Thus, pursuant to the plain language of the non-compete provision, the partner must have been terminated as a partner prior to the application of the provision.
{¶ 19} As previously stated, the prior action for an accounting and winding up of the partnership already determined that Gibson, Richard Combs, and the corporation wholly owned by Daniel Gibson were partners of the partnership at the time of its dissolution. Therefore, the issue of whether either Daniel or Richard Combs had been terminated as a partner has been previously litigated in an action that had come to final judgment. Accordingly, Gibson is precluded from arguing that either was terminated as a partner. Therefore, he has presented no set of facts under which reasonable minds could conclude this action in his favor. His second assignment of error is therefore overruled.
{¶ 20} In his final assignment of error, Gibson argues that there was a genuine issue of material fact concerning his claim that the Combs' breached a fiduciary duty owed to him as a partner. He asserts that they breached their duty to him by forming a new partnership and continuing to serve clients of the former partnership, thereby "freezing him out" of profits that would have been made by the partnership.
{¶ 21} Under Uniform Partnership Law, dissolution of a partnership does not terminate partnership affairs; "after dissolution the partnership is not terminated but continues to exist as a partnership for the purpose of winding up partnership affairs and completing transactions begun but not completed prior to dissolution." Lebanon Trotting Ass'n v.Battista (1972), 37 Ohio App. 2d 61, 65; see R.C. 1775.29. However, dissolution terminates a partner's authority to act on behalf of the partnership, "[e]xcept insofar as is necessary to wind up partnership affairs or to complete transactions already begun but not then finished * * *." R.C. 1775.32. Therefore, after a partnership is dissolved the partners are required to continue the affairs of the partnership until the business is wound up and the partnership is terminated.
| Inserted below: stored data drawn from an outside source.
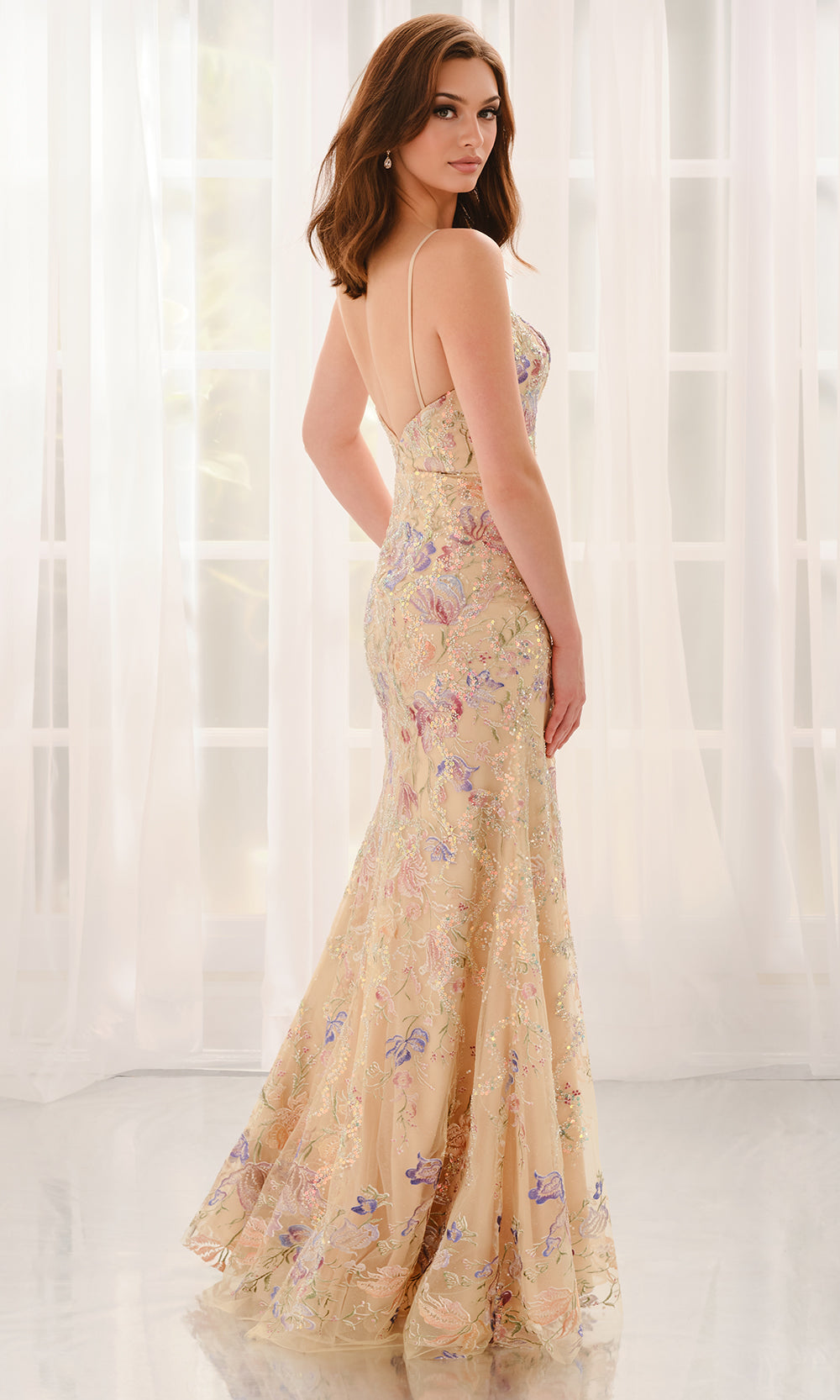 | Details: | Spaghetti Straps, Floral Embroidery, Beaded, Sequin, High Slit, Low Open Back, Floor-Length |
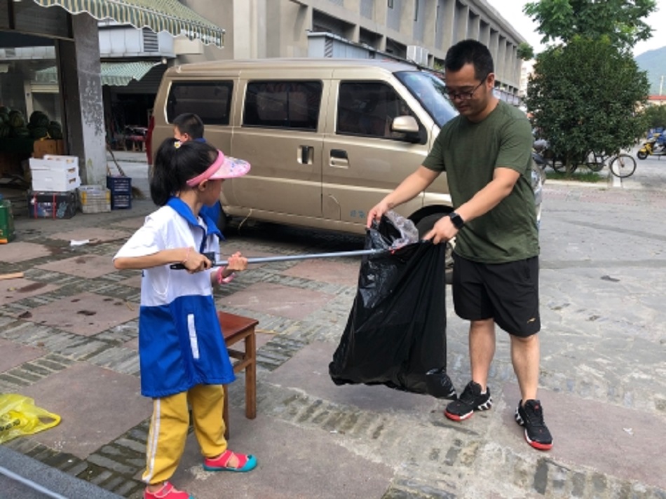 北仑区春晓街道“蓝海豚”公益联盟开展大手牵小手捡垃圾活动
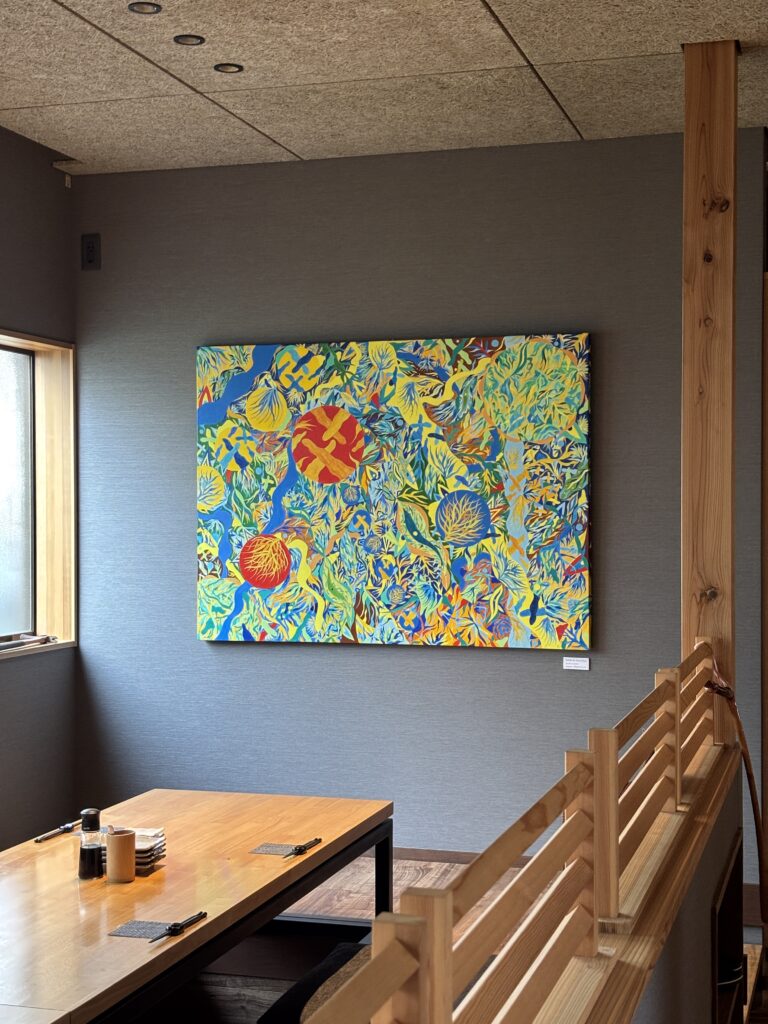 作品は店内に展示されていますので、お食事の際にぜひご覧ください。
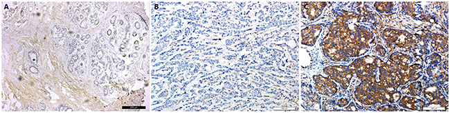 Figure 1: Immunohistochemical staining for GSTP1. (A) GSTP1 protein is absolutely negative in normal breast tissue. (Original magnification, 100× in A.) (B) GSTP1 protein showed negtive signals in triple-negative breast cancer tissues. (C) GSTP1 protein showed negtive signals in triple-negative breast cancer tissues. (Original magnification, 200× in B and C.)
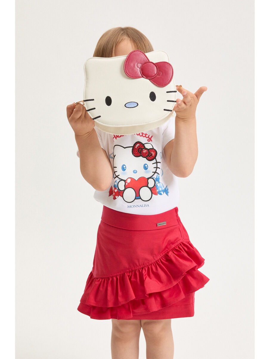 La maglietta imperdibile per ogni fan di Hello Kitty, arricchita da dettagli in strass. Perfetta per aggiungere un tocco giocoso al look quotidiano. Ideale per compleanni o giornate casual.
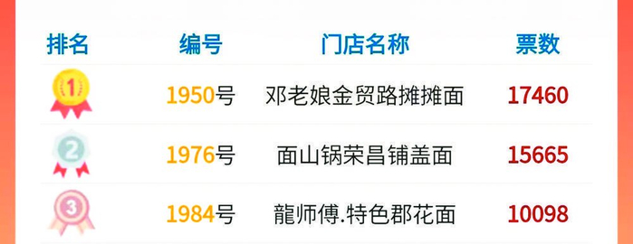 投票只剩2天 网友喜爱的小面竞争激烈 阿依娘镇店豌杂面夺回第一名宝座
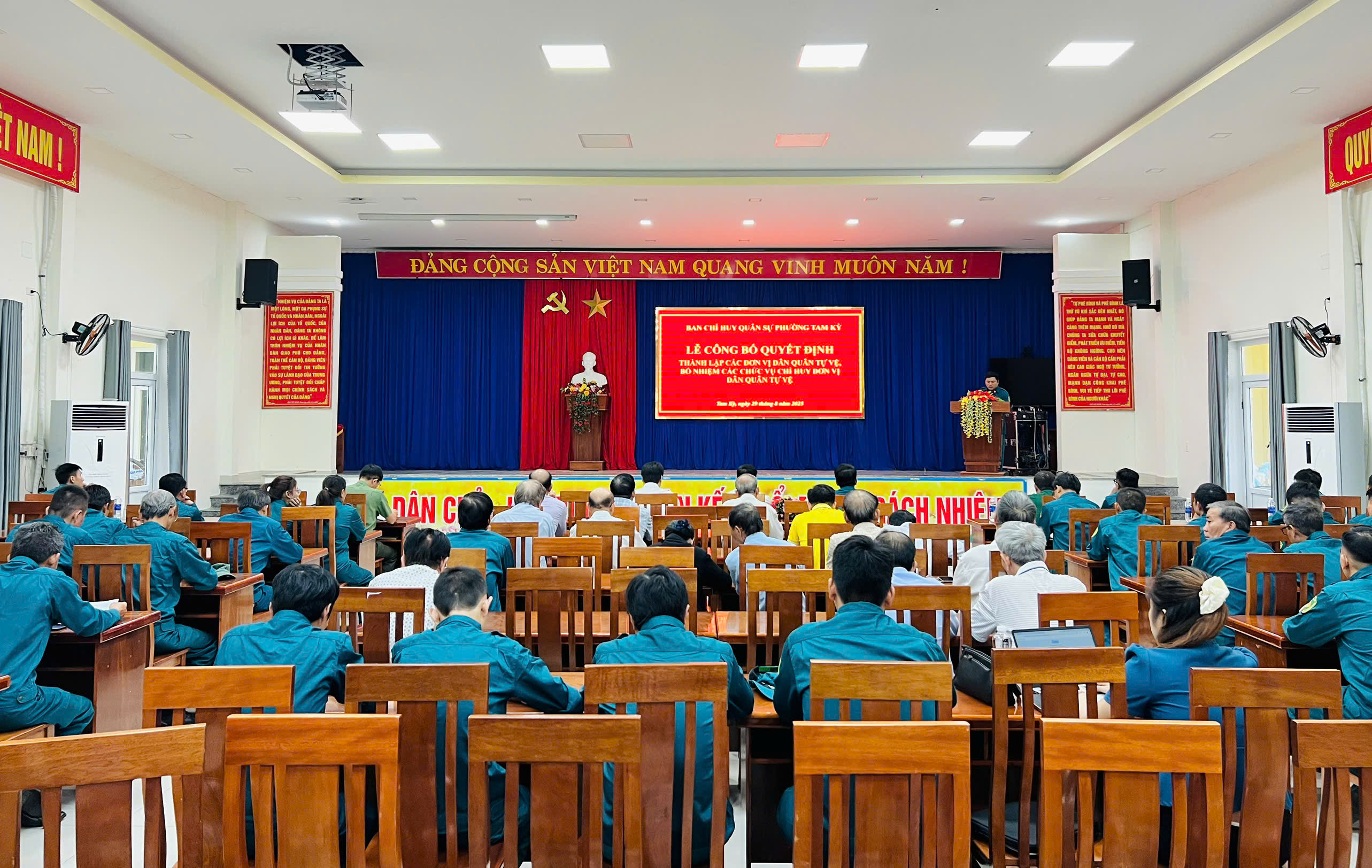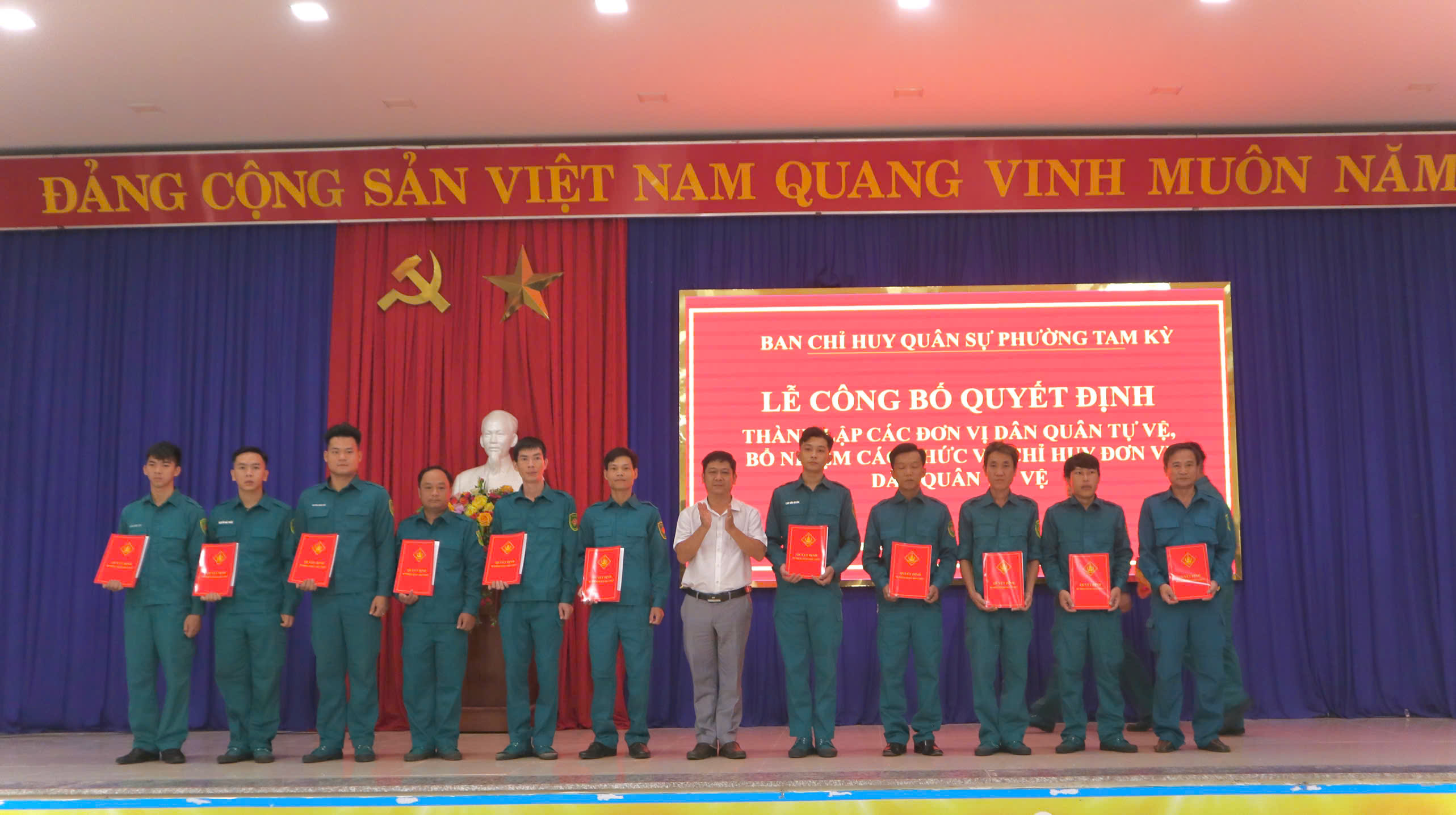 Sáng 29/8, Ban Chỉ huy Quân sự (CHQS) phường Tam Kỳ tổ chức lễ công bố quyết định thành lập các đơn vị dân quân tự vệ và bổ nhiệm chức vụ chỉ huy. Tham dự buổi lễ có đồng chí Phan Bá Hội – Phó Bí thư Thường trực Đảng ủy phường; Đồng chí Bùi Tấn Công - Phó chủ tịch UBND phường.
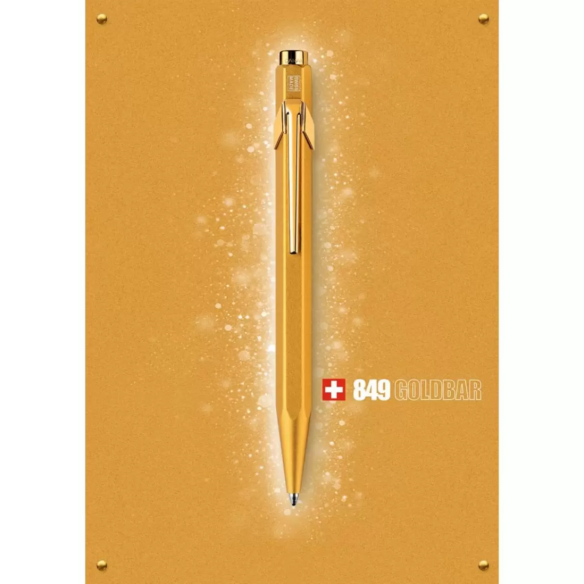 Długopis szwajcarskiej marki Caran d’Ache z kolekcji 849 Goldbar. Aby uzyskać złoty kolor i satynową powierzchnię długopis przechodzi kilka skomplikowanych procesów technologicznych. Jest odzwierciedleniem zmieniających się trendów. Długopis wykonany z aluminium o sześciokątnym przekroju, idealnie dopasowany do dłoni. Posiada przyciskowy mechanizm wysuwu wkładu i bardzo solidny klips. Wyposażony w bardzo pojemny wkład długopisowy Goliath, który pozwoli nam na zapisanie 600 stron A4. Długopis umieszczony jest w specjalnym firmowym pudełku z magnetycznym zamknięciem. Wyprodukowany w Szwajcarii.
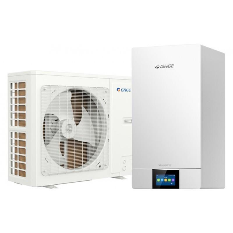 Тепловые насосы Gree GRS-CQ10PdG/NhH2-M серии Versati III (сплит-системы с водяным баком) «воздух-вода» с инверторными компрессорами с впрыском пара предназначены для нагрева воды для горячего водоснабжения или напольного отопления, а также для отопления или охлаждения воздуха в помещении до 100 м²Особенности и функции Gree GRS-CQ10PdG/NhH2-M
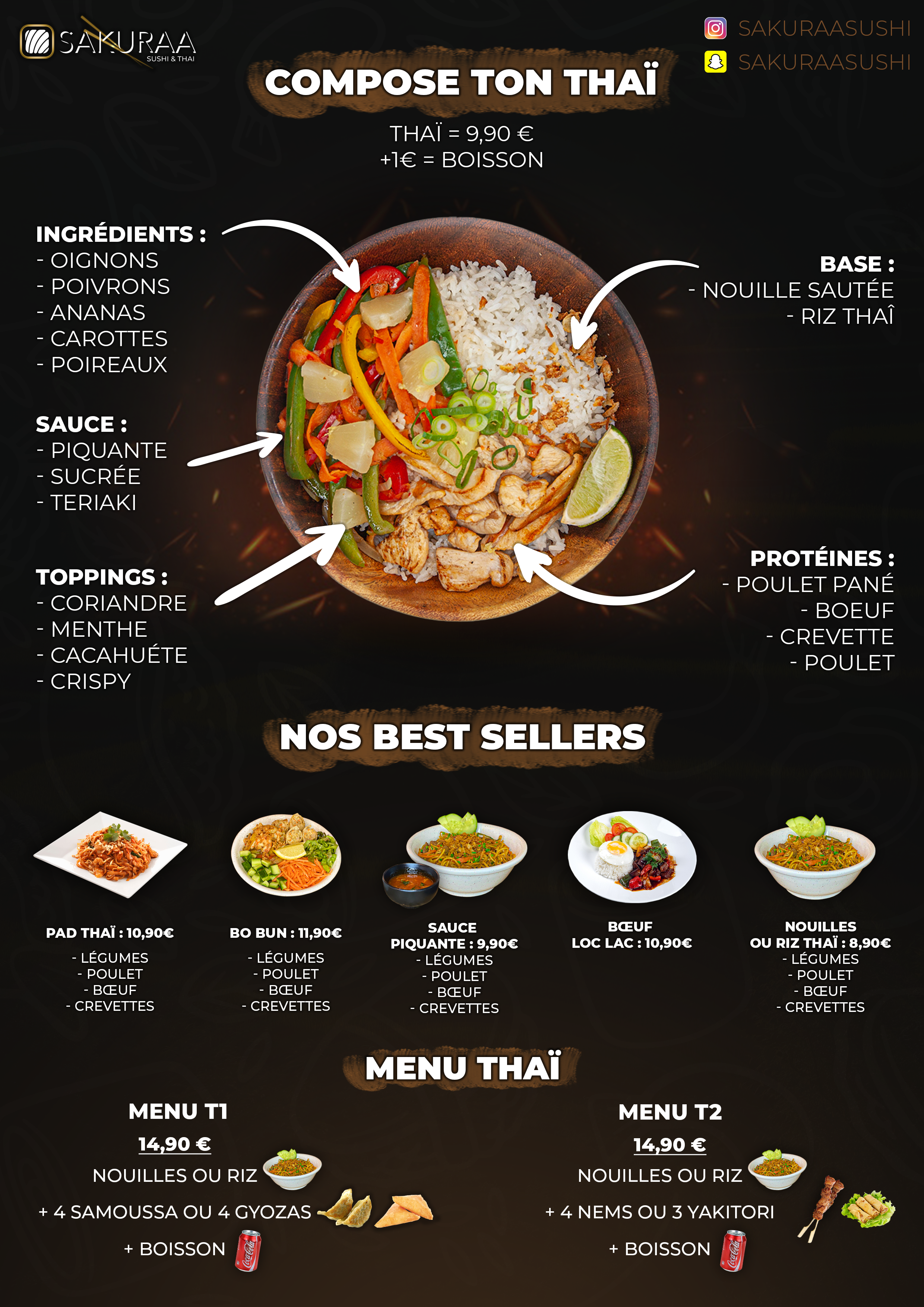DELICIEUX Pour un repas du jeudi soir entre potes quoi de mieux que d'aller au Sakuraa Sushi&Thaï. Les plats sont délicieux, des sushis au dessert sans oublier les nouilles sautées et le riz accompagnés de viandes et de légumes tout aussi bon. L'ambiance est sympathique et chaleureuse. Le rapport qualité prix est juste parfait.
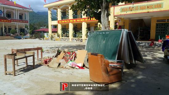 La escuela primaria 1, en la comuna de Quang Kim, del distrito de Bat Xat, fue una de las más afectadas por dicho desastre natural. Después de ser drenada, todo el patio y las aulas del primer piso fueron cubiertos con una gruesa del barro. Mientras, el suelo fue hundido gravemente y miles de libros y equipamientos didácticos en la biblioteca fueron destruidos. No obstante, ahora todo ha sido arreglado.
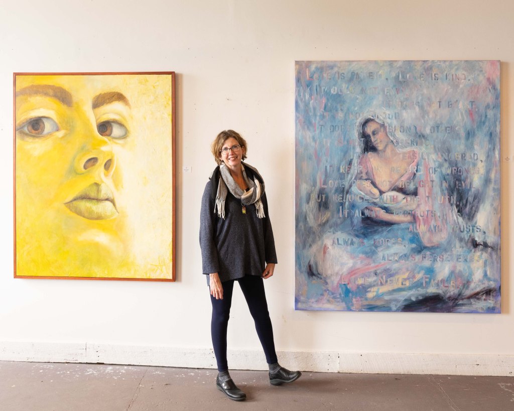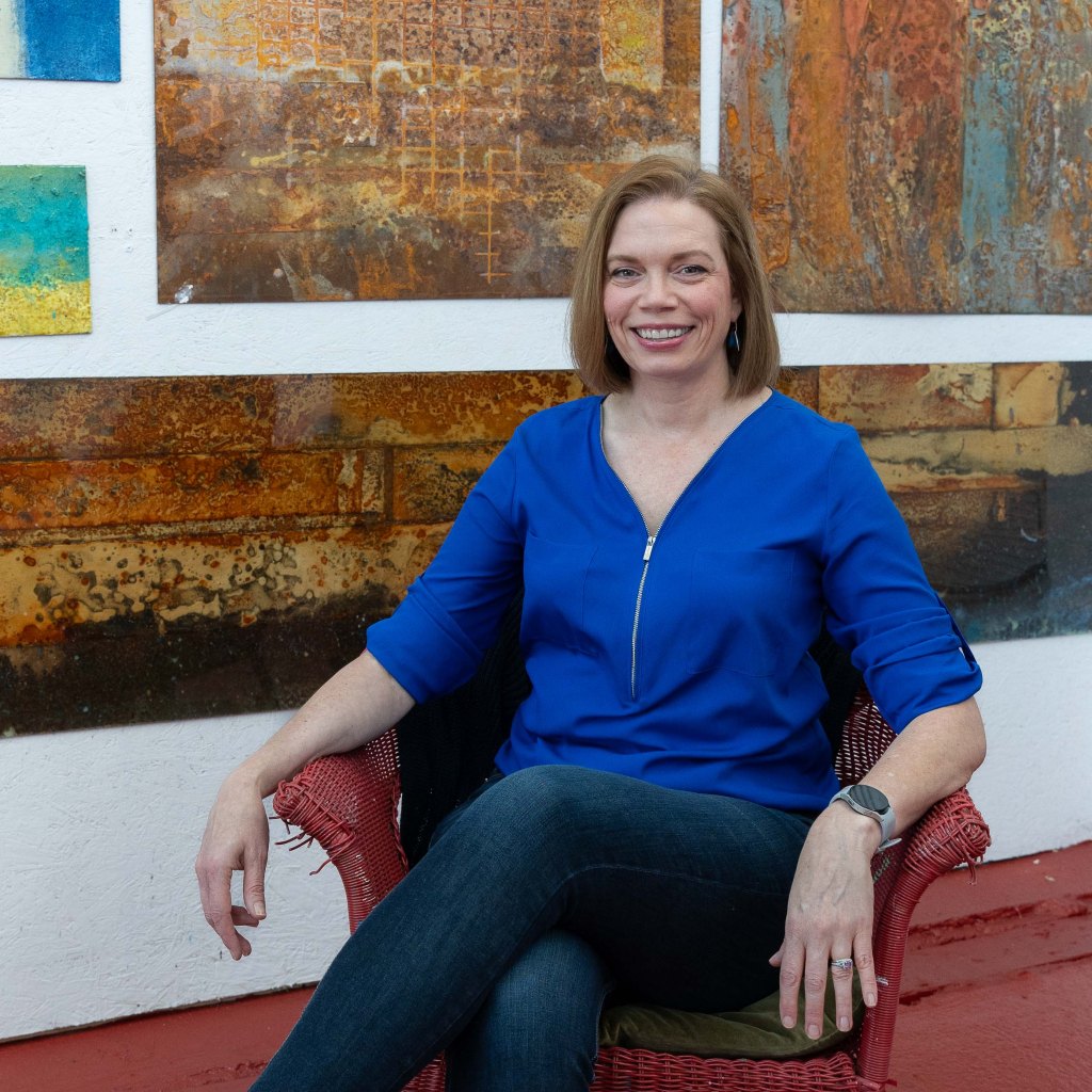 Elisha makes mixed-media art at Front Street, in her studio on the first floor of the 100 Building that she shares with Kate Santucci.  The first time I met Elisha she wasn’t making visual art.  She was singing with the Blue Heron Trio.  The group has been on hiatus since 2022 but you can still hear Elisha sing online.  I asked about her shift from making music to making her multi-media art.
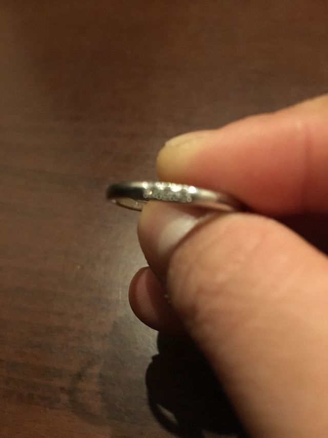 最初は主人と同じくシンプルな指輪にしようと思っていたのですが、お店のショーケースに入っていたプチッと光る3粒のダイヤがとても可愛いくて一目惚れしました。店員さんにもイメージに合っていると仰ってくれたのでこちらの指輪に決めました。
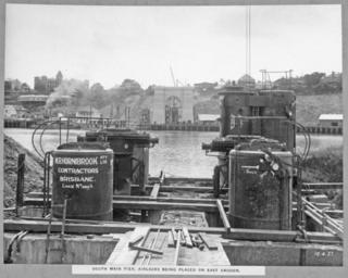 View Original:Queensland State Archives 3463 South main pier airlocks being placed on east caisson Brisbane 16 April 1937.png (720x576)

{¶ 22} In the instant case, Gibson argues that the Combs' breached a fiduciary obligation to him by continuing to operate the partnership and serve the partnership's former clients after June 28, 1999. However, under partnership law it is clear that at this point the clients are not "former clients" because the partnership had not been terminated. Therefore, the partners were required to continue the affairs of the partnership after the notice of dissolution; such action was necessary by them until the partnership had been terminated. Accordingly, those actions cannot form the basis for an action for breach of fiduciary duty.
{¶ 23} Nor can the Combs' actions in setting up a new partnership form the basis for an action for breach of fiduciary duty. The record indicates that the Combs' formed a new accounting partnership and that Gibson, as well, started a new accounting practice after dissolution of the partnership. Notice was sent to all of the original partnership's former clients that the partnership had been dissolved. All of these actions took place after the partnership dissolution, and therefore no fiduciary duty between the partners existed. "Ohio law does not recognize a fiduciary duty to exist between partners * * * in post-dissolution affairs absent agreements to the contrary." Ohio Development Co. v.Ellis (Aug. 20, 1993), 2nd Dist. App. No. 13428, unreported. Once dissolution occurs, the partners' sole authority to act is with regard to winding up the partnership affairs; their fiduciary obligations to each other have ceased. See R.C. 1775.32(A).
{¶ 24} Accordingly, Gibson has presented no set of facts upon which reasonable minds could conclude in his favor that the Combs' breached a fiduciary obligation to him after dissolution of the partnership. Based on the foregoing, the third assignment of error is overruled and the judgment of the trial court is affirmed.
Judgment affirmed. Cupp, P.J., and Bryant, J., concur.